Please set down only the lines below starting with the line with "Dalla medicina alla" and going on through the line with "滿手現金的華固建設獵地再傳捷", verbatim and without pictures.

* _RECORDS FOR THE EXERCISE_
§

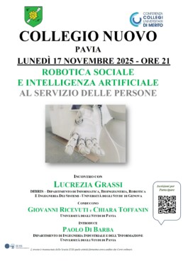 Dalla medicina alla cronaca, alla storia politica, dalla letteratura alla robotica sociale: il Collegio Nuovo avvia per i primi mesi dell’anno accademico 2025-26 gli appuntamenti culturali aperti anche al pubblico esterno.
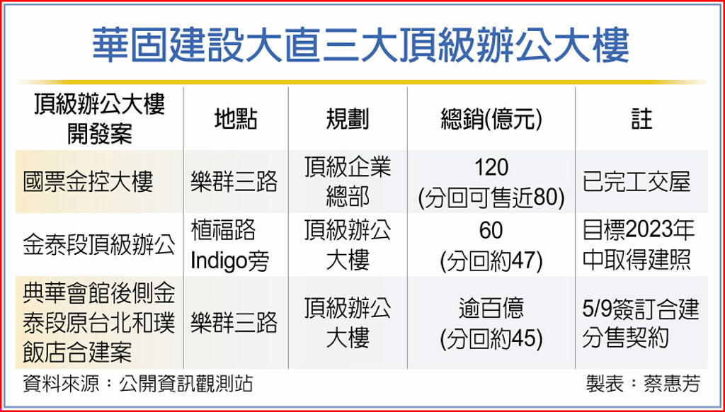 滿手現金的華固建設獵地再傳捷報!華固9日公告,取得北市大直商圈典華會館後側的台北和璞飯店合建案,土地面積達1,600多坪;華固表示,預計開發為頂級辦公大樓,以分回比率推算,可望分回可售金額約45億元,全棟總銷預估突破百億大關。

§

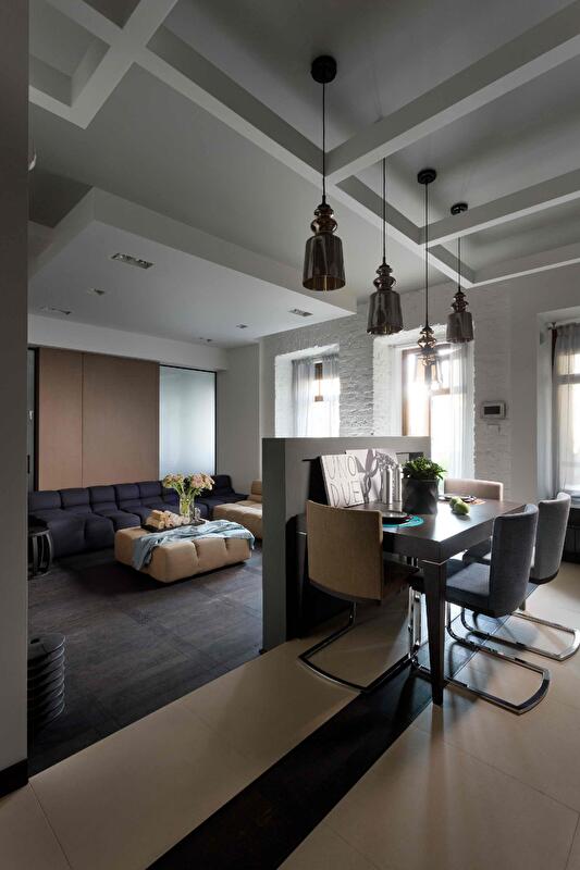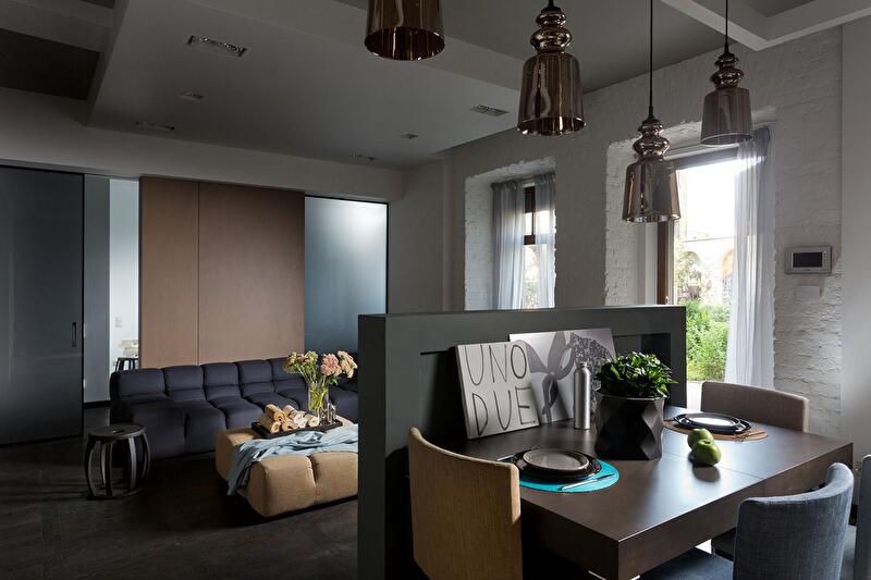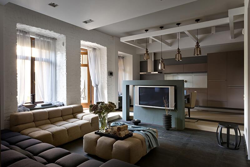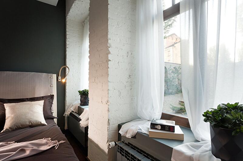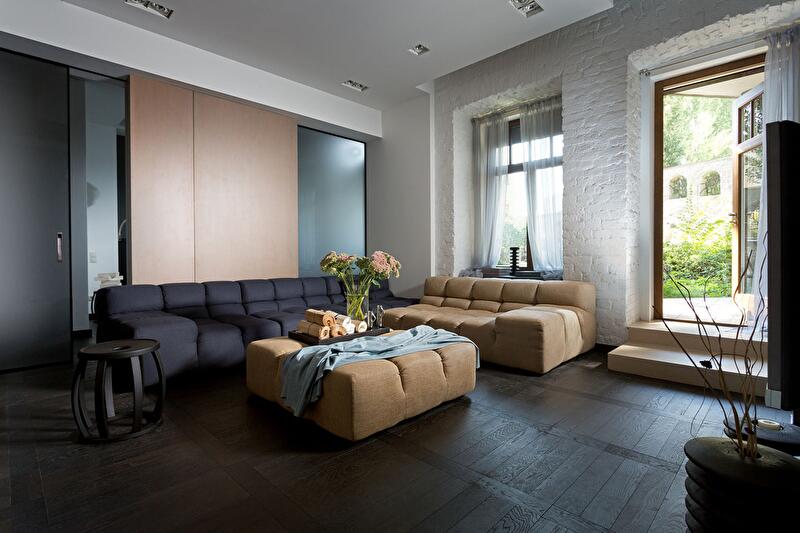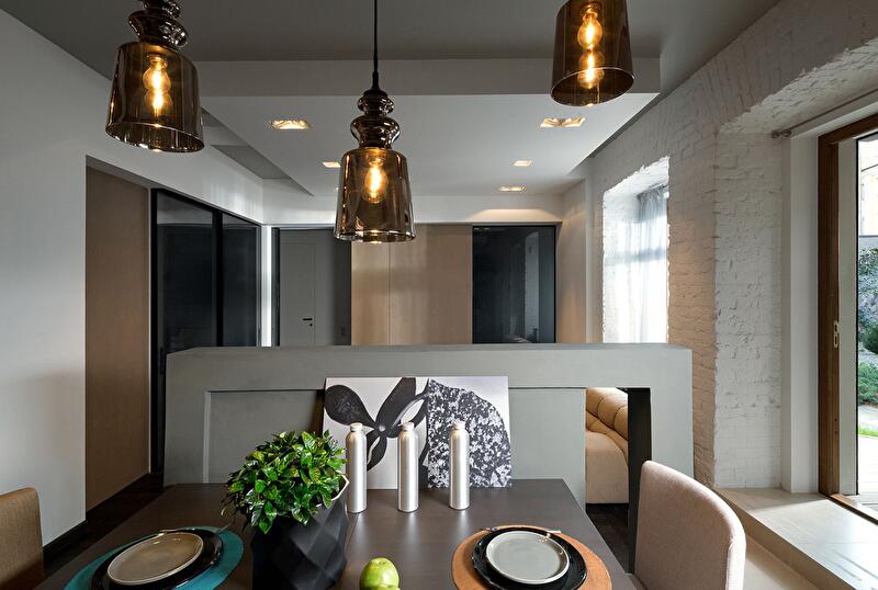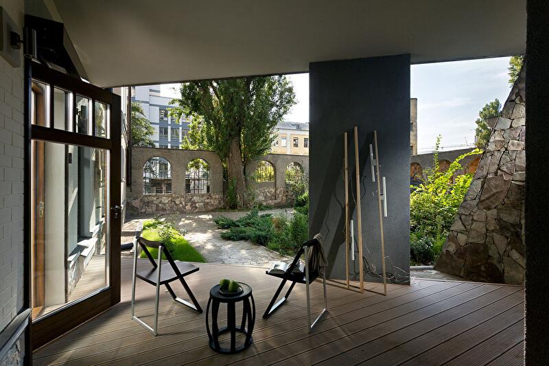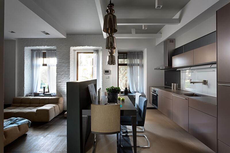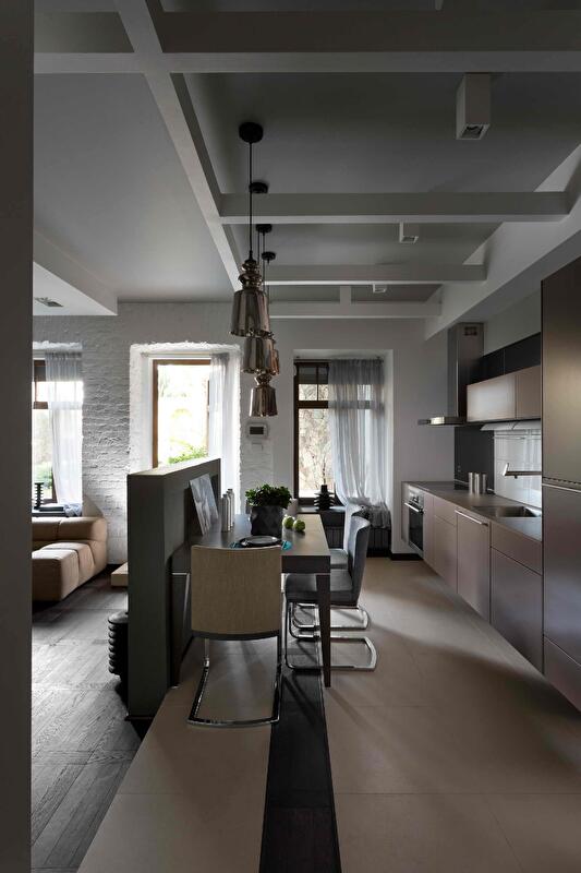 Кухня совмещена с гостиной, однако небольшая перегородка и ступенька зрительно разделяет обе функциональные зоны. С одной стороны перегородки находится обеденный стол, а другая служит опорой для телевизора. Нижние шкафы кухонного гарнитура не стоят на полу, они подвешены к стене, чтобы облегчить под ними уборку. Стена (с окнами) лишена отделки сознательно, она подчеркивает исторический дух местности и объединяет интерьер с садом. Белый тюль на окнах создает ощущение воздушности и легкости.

§

* _SOLUTION TO THE PROBLEM_
 Dalla medicina alla cronaca, alla storia politica, dalla letteratura alla robotica sociale: il Collegio Nuovo avvia per i primi mesi dell’anno accademico 2025-26 gli appuntamenti culturali aperti anche al pubblico esterno.
 滿手現金的華固建設獵地再傳捷報!華固9日公告,取得北市大直商圈典華會館後側的台北和璞飯店合建案,土地面積達1,600多坪;華固表示,預計開發為頂級辦公大樓,以分回比率推算,可望分回可售金額約45億元,全棟總銷預估突破百億大關。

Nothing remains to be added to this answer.